Case ID: so2d_681/html/0890-01.html
Source: Caselaw Access Project
Author: {"author": "PER CURIAM.", "license": "Public Domain", "url": "https://static.case.law/"}
Date Created: 2024-08-24T03:29:51.129683

Victor DEBIASI, Appellant, v. STATE of Florida, Appellee.
    No. 95-2592.
    District Court of Appeal of Florida, Fourth District.
    Oct. 23, 1996.
    Richard T. Garfield, Fort Lauderdale, for appellant.
    Robert A. Butterworth, Attorney General, Tallahassee, and Sharon A. Wood, Assistant Attorney General, West Palm Beach, for ap-pellee.
   PER CURIAM.

Appellant was charged with Count I, battery on a law enforcement officer, and Count II, resisting arrest with violence. The jury returned a verdict of not guilty on Count I, battery on a law enforcement officer, and guilty on Count II, resisting arrest with violence. The difference between the statutory elements of the two offenses has been clarified as “one could obstruct or oppose a law enforcement officer by threatening violence and still at the same time not be committing a battery on the law enforcement officer.” State v. Henriquez, 485 So.2d 414, 415 (Fla.1986).

This distinction was eliminated in the present case because the information charged that appellant resisted arrest by “striking” the officer, and the jury instruction on the resisting charge stated that before the jury could find appellant guilty of resisting, the state must prove appellant obstructed or opposed the officer “by doing violence to him by striking said officer.” Appellant now argues that because the elements of the two charges against him are identical, the jury verdict of not guilty of battery on a law enforcement officer is legally inconsistent with the verdict of guilty of resisting arrest with violence. We disagree and affirm.

“The general rule is that inconsistent verdicts are permitted.” Naumowicz v. State, 562 So.2d 710, 713 (Fla. 1st DCA 1990). The power to return an inconsistent verdict is necessarily included in the jury’s power on lenity. Id. at 713. However, “[t]he jury is, in all cases, required to return consistent verdicts as to the guilt of an individual on interlocking charges.” Eaton v. State, 438 So.2d 822 (Fla.1983). In Eaton, the Florida Supreme Court clarified two cases which committed Florida to the principle that jury verdicts must be legally consistent. Id. at 823 (citing Mahaun v. State, 377 So.2d 1158 (Fla.1979); Redondo v. State, 403 So.2d 954 (Fla.1981)). Following Eaton, logically inconsistent verdicts should continue to be affirmed as an exercise of jury lenity except in the limited situation where the verdicts involve interlocking charges, that is, one count is actually an element of the second count.

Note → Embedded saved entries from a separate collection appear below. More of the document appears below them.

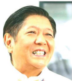
President MARCOS Jr.

PULSE Asia in its reports released to media, Wednesday April 12 showed that Vice President Inday Sara Z. Duterte is the most trusted government official in the Philippines.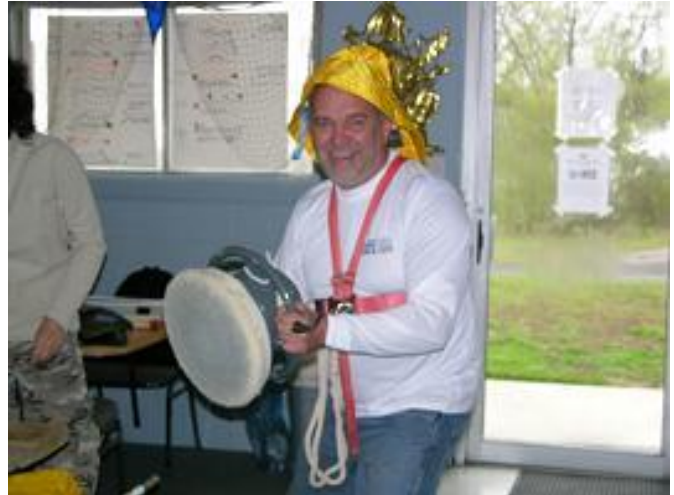
Yeah you wear it when waxing your boat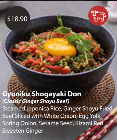
Gyuniku Shogayaki Don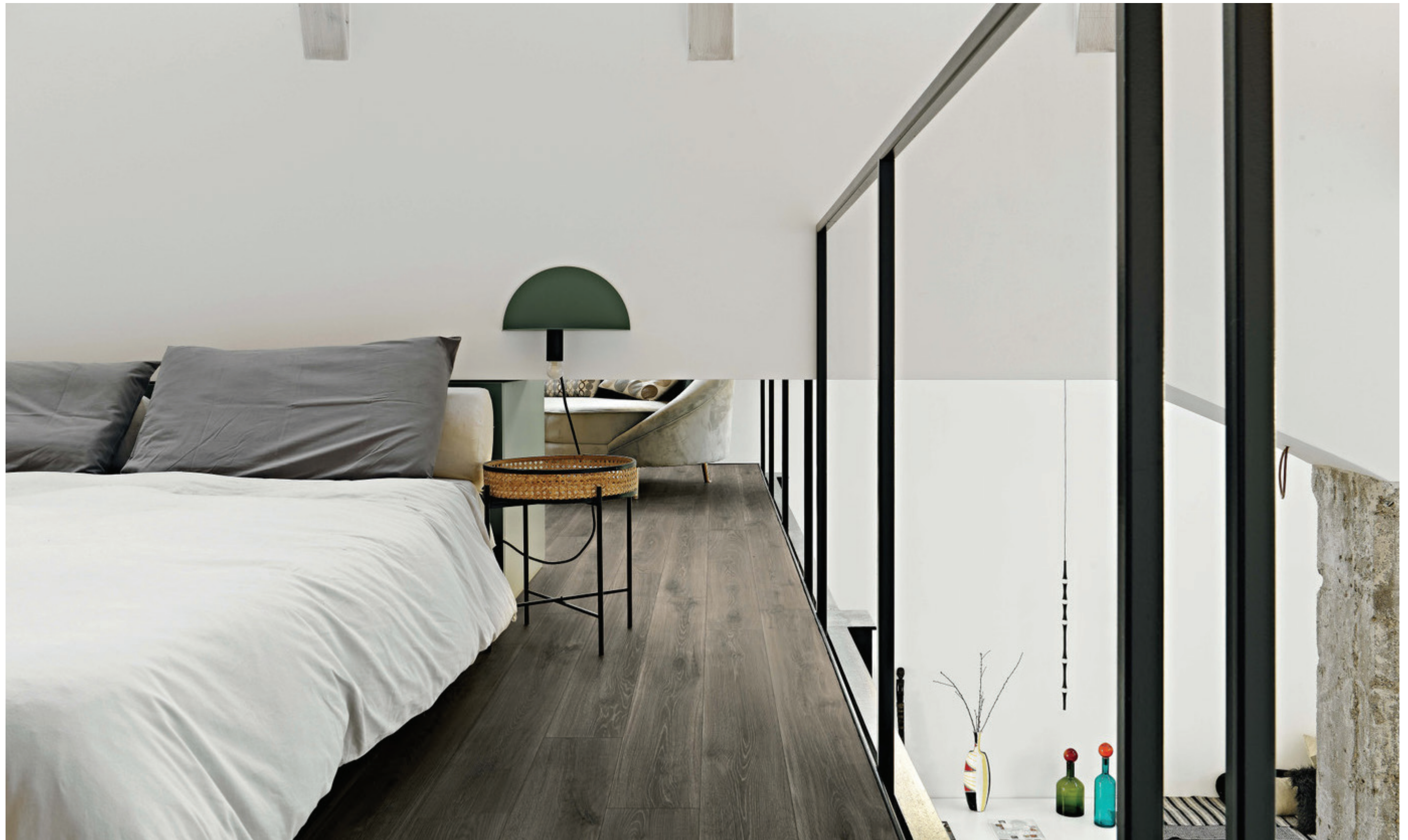
8" x 48" Floor/Wall Tile in Woodchunk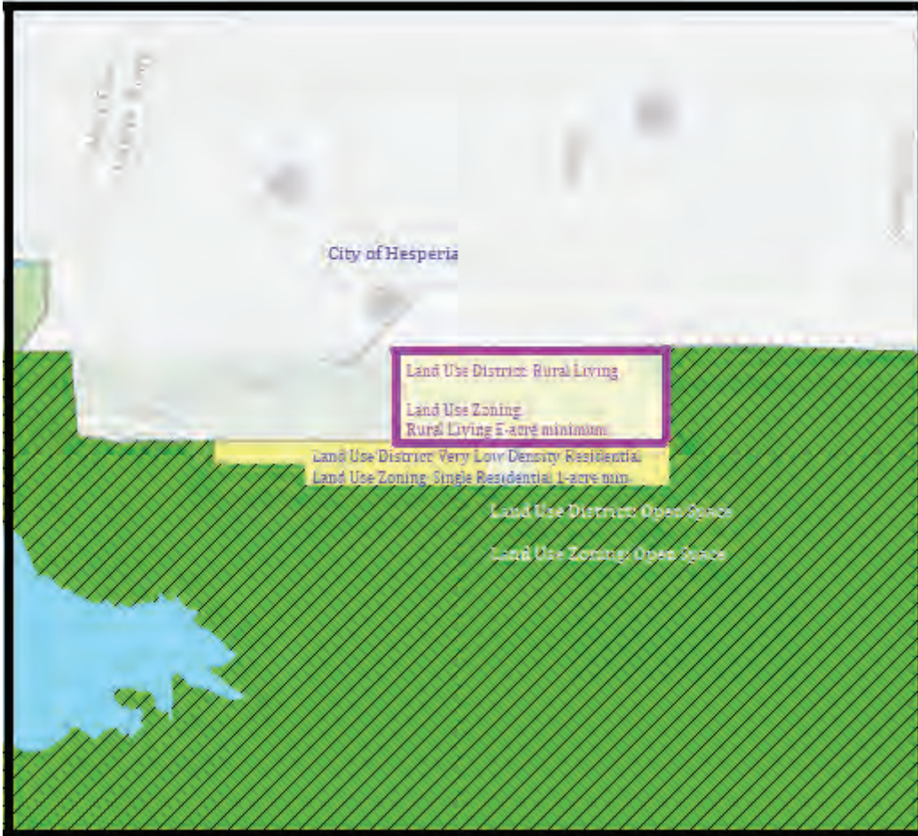
Figure 1 Land Use of the Property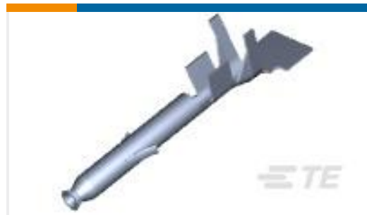
TE Part #770904-6 MINI UMNL SOK CONT 22-18AWG AU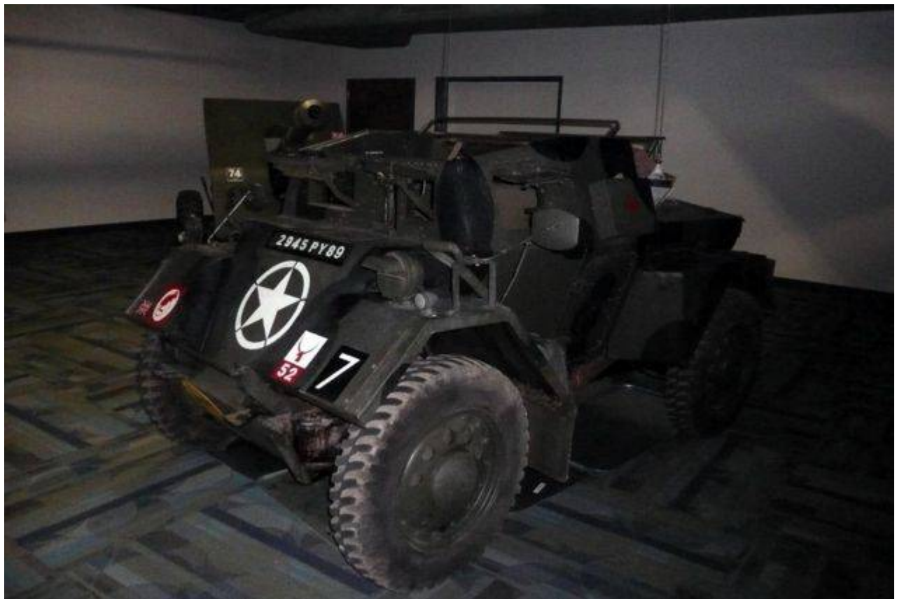
Vladimir Yakubov - http://svsm.org/gallery/Fighter_Factory/P1210236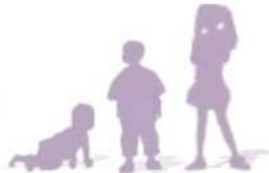
7-12mo 1-3 yr 4-8 yr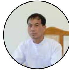
U Than Sein Register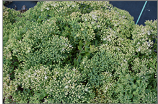
Thundercloud Stonecrop flower buds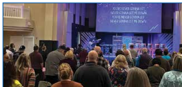
The Fresh Expressions National Gathering included lively worship, workshops, and presentations.

microgrant that helped us to begin a Community Senior Lunch.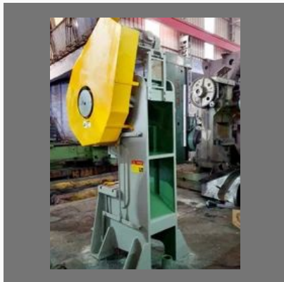
High Speed Power Press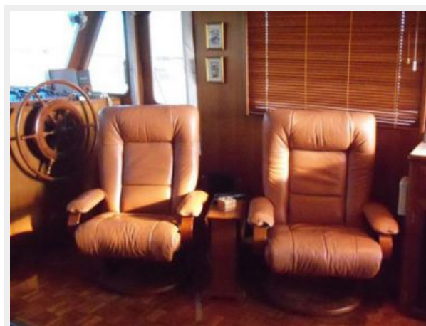
SALON STARBOARD-INSTRUMENT PANEL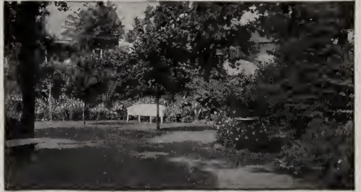
This illustrates an outdoor living room with its green carpet for the kiddies' feet, its sweet flowering blooms so refreshing to all and its friendly trees which throw a kindly shade.

There are some things, such as hardy perennials, the size of which can hardly be described. We tell you the size of most items. Yet every nurseryman knows that one grower's 3 to 4 ft. Shrubs, for example, may be larger and better branched than another's. You have to depend upon the reputation of the grower for that. One's reputation, after all, is more guarantee than anything he may say. A nurseryman supplies quality stock for two reasons—pride in his reputation and a desire to give the customer his money's worth. This Nursery takes pride in its reputation since 1875 for quality stock at fair prices. It's impossible for any nursery to furnish all varieties equally rooted or as heavily branched—they don't all grow that way. An Apple will be better rooted than a Cherry, a Spirea better branched than a Sumac, a Daisy larger than a Phlox. Some Roses will be larger than others. But we do promise you first class stock of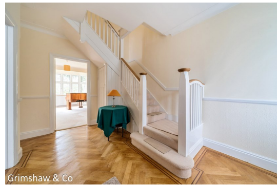
Grimshaw & Co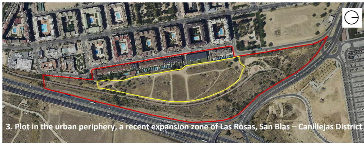
3. Plot in the urban periphery, a recent expansion zone of Las Rosas, San Blas – Canillejas District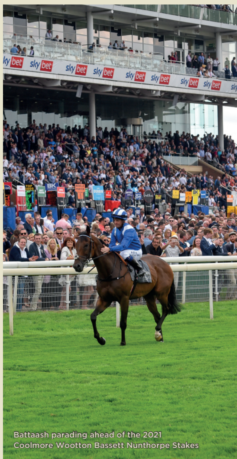
Battaash parading ahead of the 2021 Coolmore Wootton Bassett Nunthorpe Stakes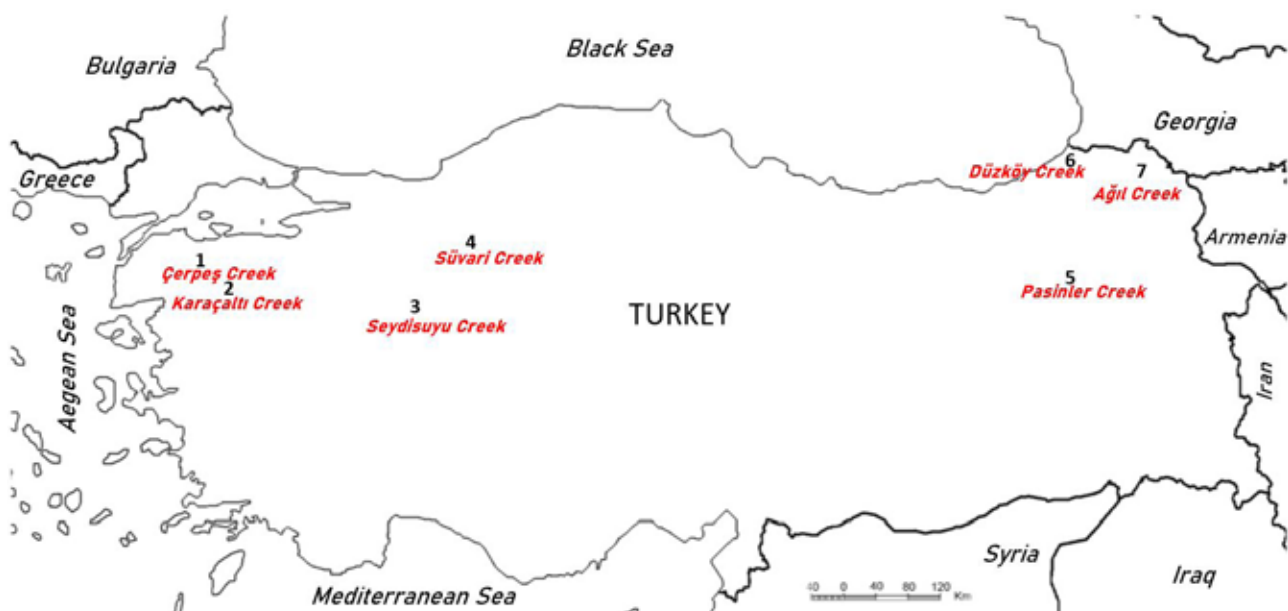
Figure 1. Map of sampling localities

Overall, 153 individuals from eight fish species belong to 2 families (Cyprinidae and Cobitidae) and 5 genera were analysed: Alburnus escherichii Steindachner, 1897 (Caucasian bleak); Alburnus filippii Kessler, 1877 (Kura bleak); Capoeta tinca Heckel, 1843 (Anatolian khramulya); Chondrostoma angorense Elvira, 1987 (Ankara nase); Chondrostoma colchicum Derjugin, 1899 (Colchic nase); Cobitis taenia Linnaeus 1758 (Spined loach); Squalius pursakensis Hankó, 1925 (Sakarya chub) and Squalius turcicus De Filippi, 1865 (Transcaucasian chub). The study was carried out during 2010-2018 years. Fishes were collected from seven different locations (Seydisuyu Creek, Pasinler Creek, Süvari Creek, Düzköy Creek, Çerpeş Creek, Karaçaltı Creek, Ağıl Creek) (Figure 1) capturing five different river basins of Turkey: Aras, Çoruh, Sakarya, Marmara and Susurluk.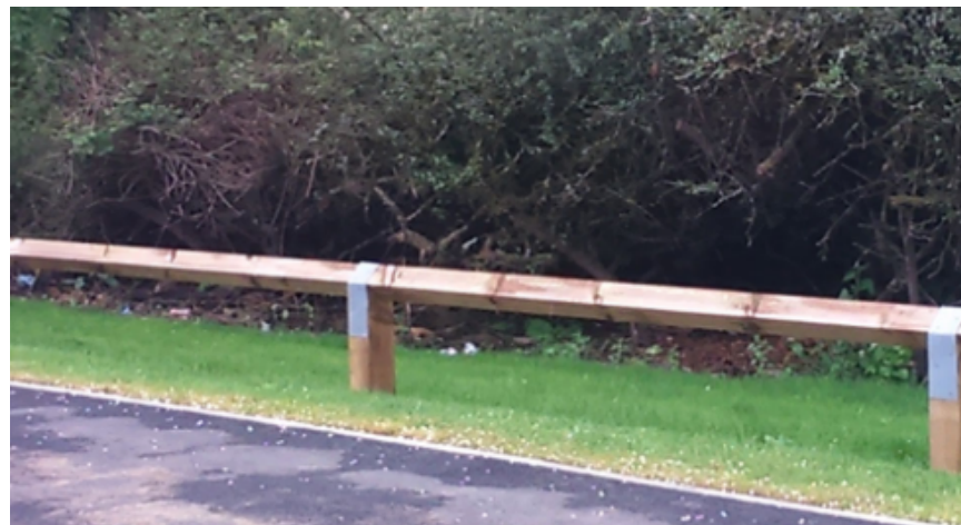
Timber Knee rail fence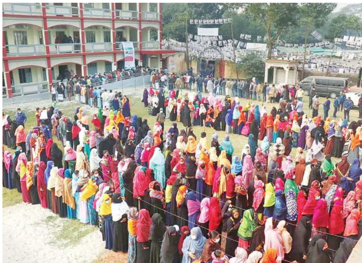
Long queues of people waiting to cast their vote in the municipality election at Harang High School Chandina, Cumilla. Many said they found interest in going out to vote because electronic voting machines were being used there.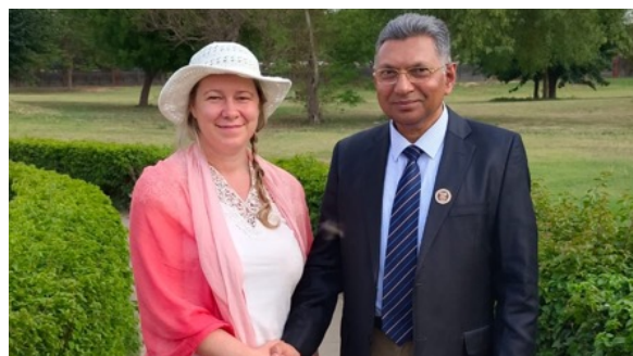
Photo: With a Canadian Diplomat at the Lotus Temple compound in New Delhi on 20 April 2023.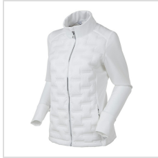
Pure White (S72510-04)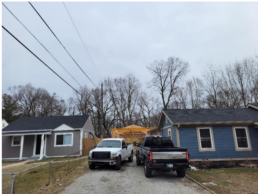
Photo 2: Unpermitted Driveway and Accessory Structure Viewed from North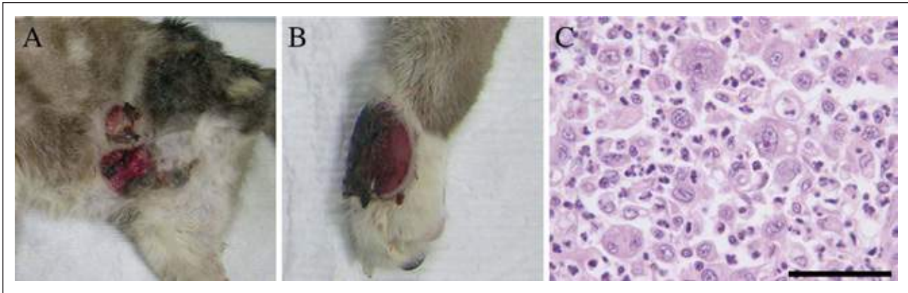
Figure 2 Gross and histological appearance of the skin lesions at recurrence. Gross appearance of the skin lesions at the previous site of amputation (A) and the toe of right hindlimb (B). (C) Pleomorphic histiocytes at the previous site of amputation. Haematoxylin and eosin stain; \times 1000 magnification. Bar = 50 \mu\text{m}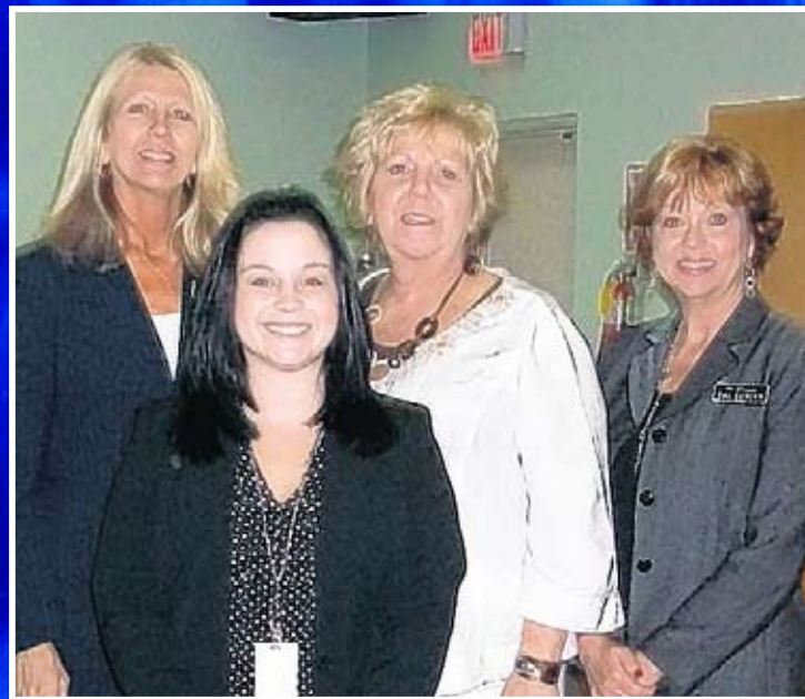
Luncheon sponsors: The Ledger Media Group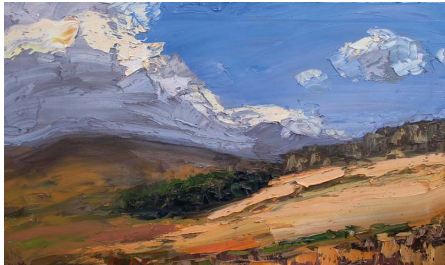
Winter Upland Oil on canvas 55 x 93 cm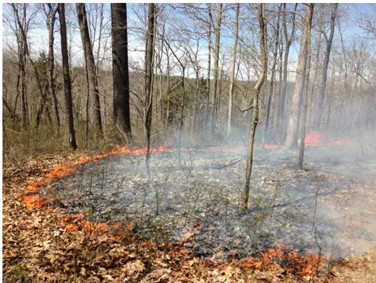
After the initial harvest, prescribed fire is applied to the stand. This low-intensity surface fire mimics the natural disturbance regime that historically favored the regeneration of oak species.

To increase the chances of regeneration of oaks across the state forests, Indiana is applying oak shelterwood harvests in select areas. Regeneration of oak is a primary strategy of the 2020 Indiana Forest Action Plan.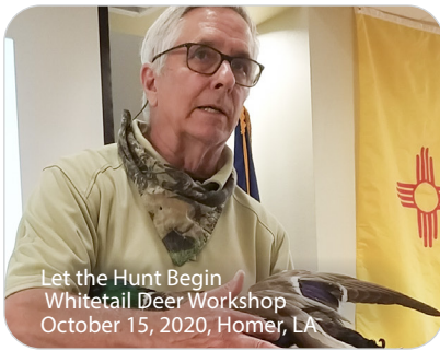
Let the Hunt Begin Whitetail Deer Workshop October 15, 2020, Homer, LA

In Mahaun, the court held that a conviction for third-degree felony murder had to be vacated because the jury failed to find the defendant guilty of the underlying felony. In Redondo, the court held a conviction for displaying a firearm in the commission of a felony impermissible in the absence of a conviction of a felony. The court noted that “[i]n the cited cases the underlying felony is part of the crime charged — without the underlying felony the charge could not stand.” Eaton, 438 So.2d at 823. Consistent verdicts were required in Mahaun and Redondo because the charges were interlocking.

This court has held that charges that even are “essentially the mirror image” of each other do not fall within the Eaton rule requiring consistent verdicts on interlocking charges. Gonzalez v. State, 440 So.2d 514 (Fla. 4th DCA 1983). Gonzalez was acquitted of possession of a firearm dining the commission of a felony, but convicted of robbery with a firearm and kidnapping. Id. at 516. In holding that this situation did not fall within the Eaton rule, this court noted that “possession of a firearm during the commission of a felony is not a necessary element of the crime of robbery with a firearm.” Id. This court has noted its tendency to agree with the federal decisions recognizing no exception to the rule that apparently inconsistent verdicts are permissible, while acknowledging its obligation to enforce the Eaton exception when applicable. Id.

Here, as in Gonzalez, even if the charges are essentially mirror images of each other, battery on a law enforcement officer is not an element of resisting arrest with violence. Accordingly, the rule announced in Eaton requiring consistent verdicts on interlocking charges does not apply and the judgment must be affirmed.

GLICKSTEIN, FARMER and GROSS, JJ., concur. 
      
      . We have previously held that where a defendant was charged in one count with burglary with intent to commit an battery and commission of the battery and in a second count charged with aggravated battery, a conviction on the aggravated battery was impermissibly inconsistent with an acquittal of the battery portion of the first count. Sgroi v. State, 634 So.2d 280 (Fla. 4th DCA 1994). Footnote 5 in Sgroi states, "[w]e are not persuaded by the state's argument that the jury was simply exercising its pardon power in acquitting appellant of the charge of burglary with a battery in Count I.” We now clarify that because the charges of battery and aggravated battery were interlocking charges, consistent verdicts were required under the Eaton exception, regardless of whether the jury was exercising its pardon power.